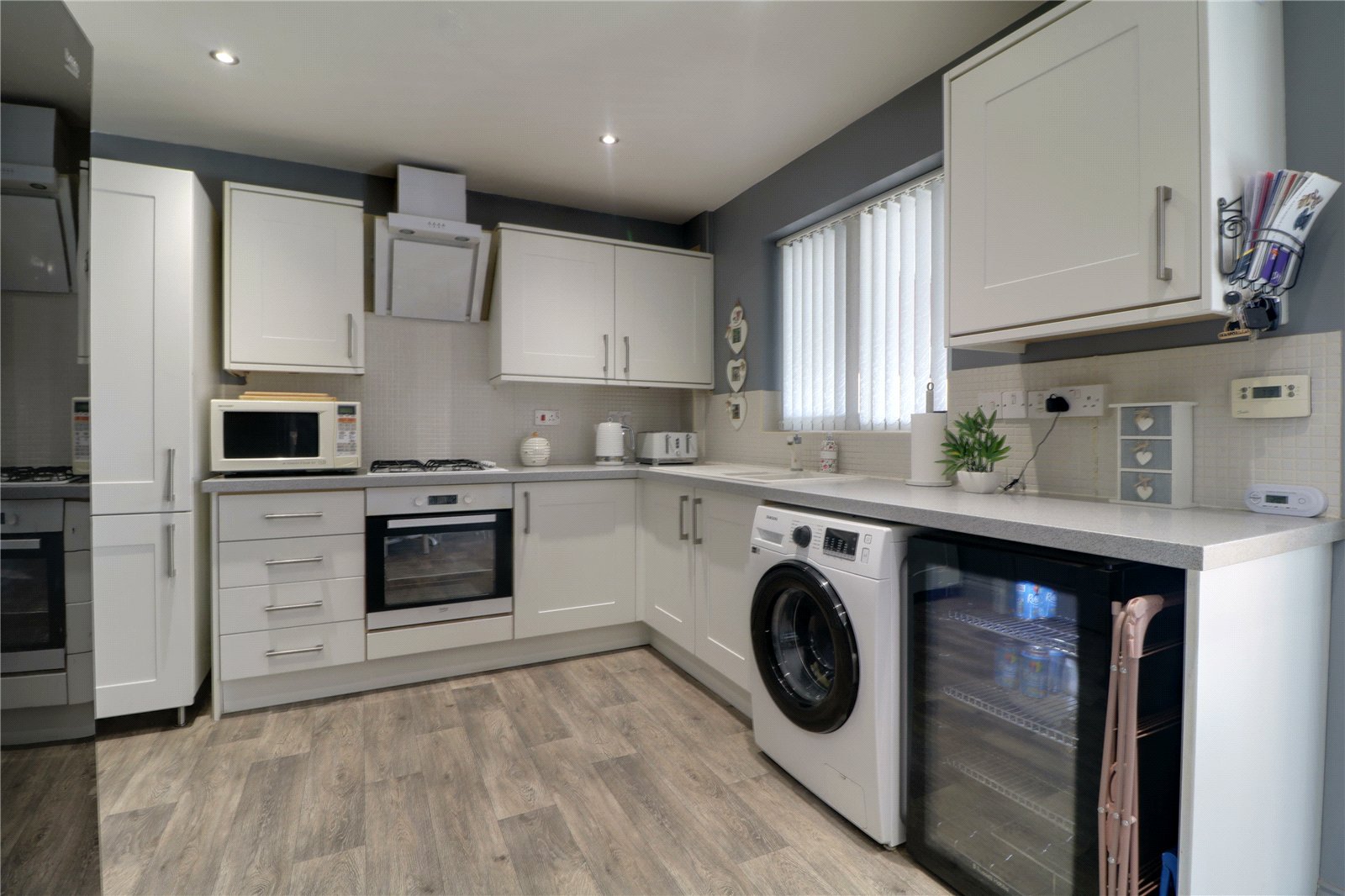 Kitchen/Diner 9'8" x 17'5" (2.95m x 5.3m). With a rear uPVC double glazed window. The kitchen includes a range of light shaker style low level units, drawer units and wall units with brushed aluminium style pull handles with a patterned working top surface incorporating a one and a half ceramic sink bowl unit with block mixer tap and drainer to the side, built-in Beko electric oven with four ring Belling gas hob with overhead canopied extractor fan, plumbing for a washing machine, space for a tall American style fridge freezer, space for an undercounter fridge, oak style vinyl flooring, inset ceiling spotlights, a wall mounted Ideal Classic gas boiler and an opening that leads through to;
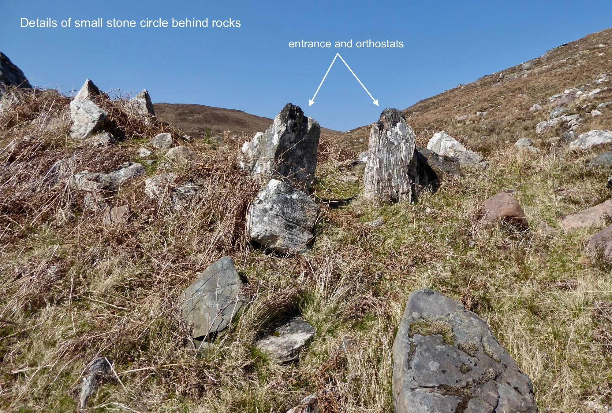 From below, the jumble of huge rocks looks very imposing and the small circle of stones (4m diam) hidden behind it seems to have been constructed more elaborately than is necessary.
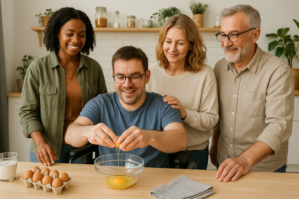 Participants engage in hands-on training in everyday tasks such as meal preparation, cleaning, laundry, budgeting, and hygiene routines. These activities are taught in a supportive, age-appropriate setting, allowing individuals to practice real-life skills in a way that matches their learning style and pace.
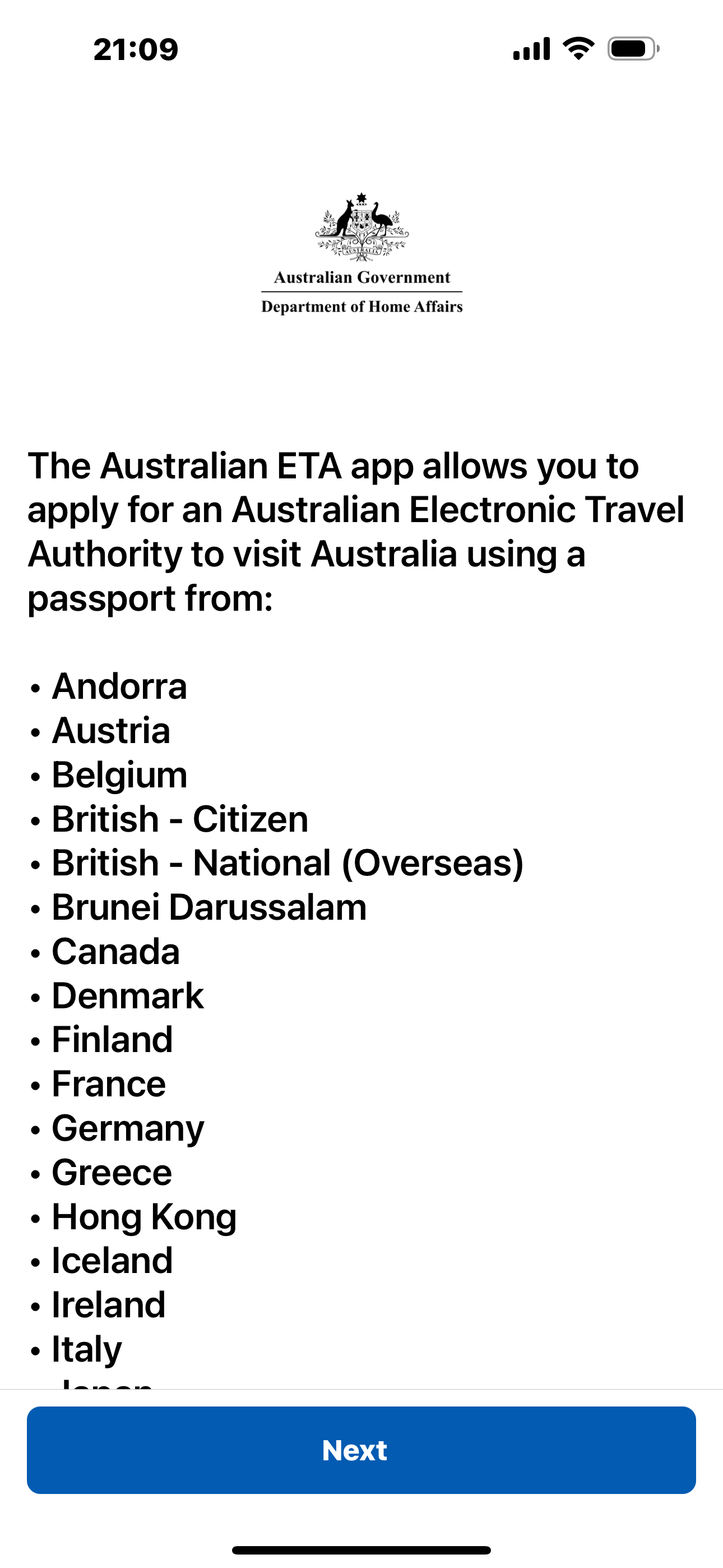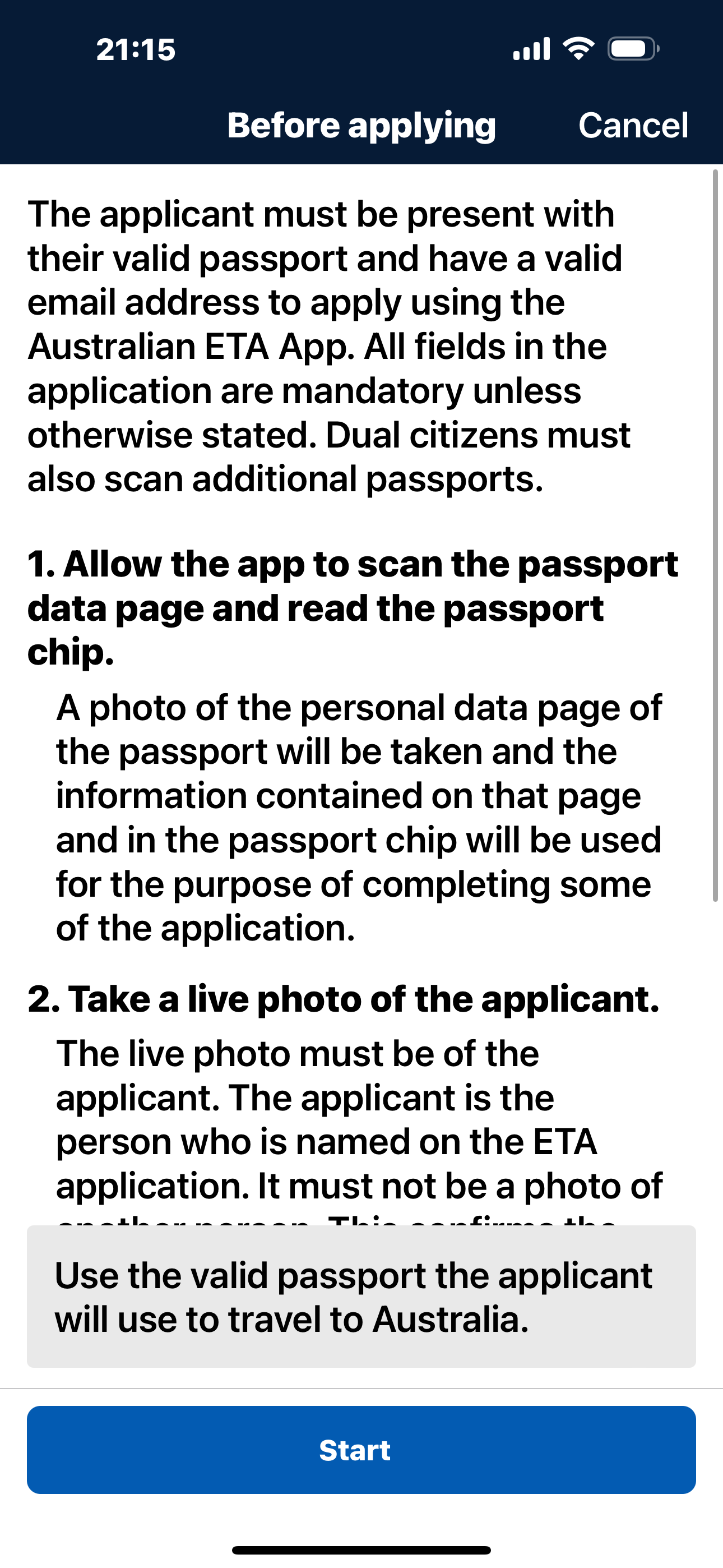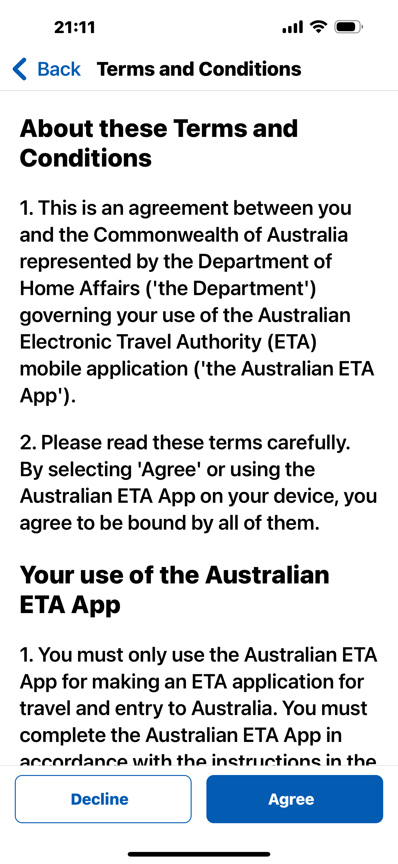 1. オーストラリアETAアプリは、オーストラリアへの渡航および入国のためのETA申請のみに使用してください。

--

### REQUIREMENT
Your copy of the data above should match it exactly, apart from the images.

### ANSWER SPACE
 Kitchen/Diner 9'8" x 17'5" (2.95m x 5.3m). With a rear uPVC double glazed window. The kitchen includes a range of light shaker style low level units, drawer units and wall units with brushed aluminium style pull handles with a patterned working top surface incorporating a one and a half ceramic sink bowl unit with block mixer tap and drainer to the side, built-in Beko electric oven with four ring Belling gas hob with overhead canopied extractor fan, plumbing for a washing machine, space for a tall American style fridge freezer, space for an undercounter fridge, oak style vinyl flooring, inset ceiling spotlights, a wall mounted Ideal Classic gas boiler and an opening that leads through to;
 From below, the jumble of huge rocks looks very imposing and the small circle of stones (4m diam) hidden behind it seems to have been constructed more elaborately than is necessary.
 Participants engage in hands-on training in everyday tasks such as meal preparation, cleaning, laundry, budgeting, and hygiene routines. These activities are taught in a supportive, age-appropriate setting, allowing individuals to practice real-life skills in a way that matches their learning style and pace.
 1. オーストラリアETAアプリは、オーストラリアへの渡航および入国のためのETA申請のみに使用してください。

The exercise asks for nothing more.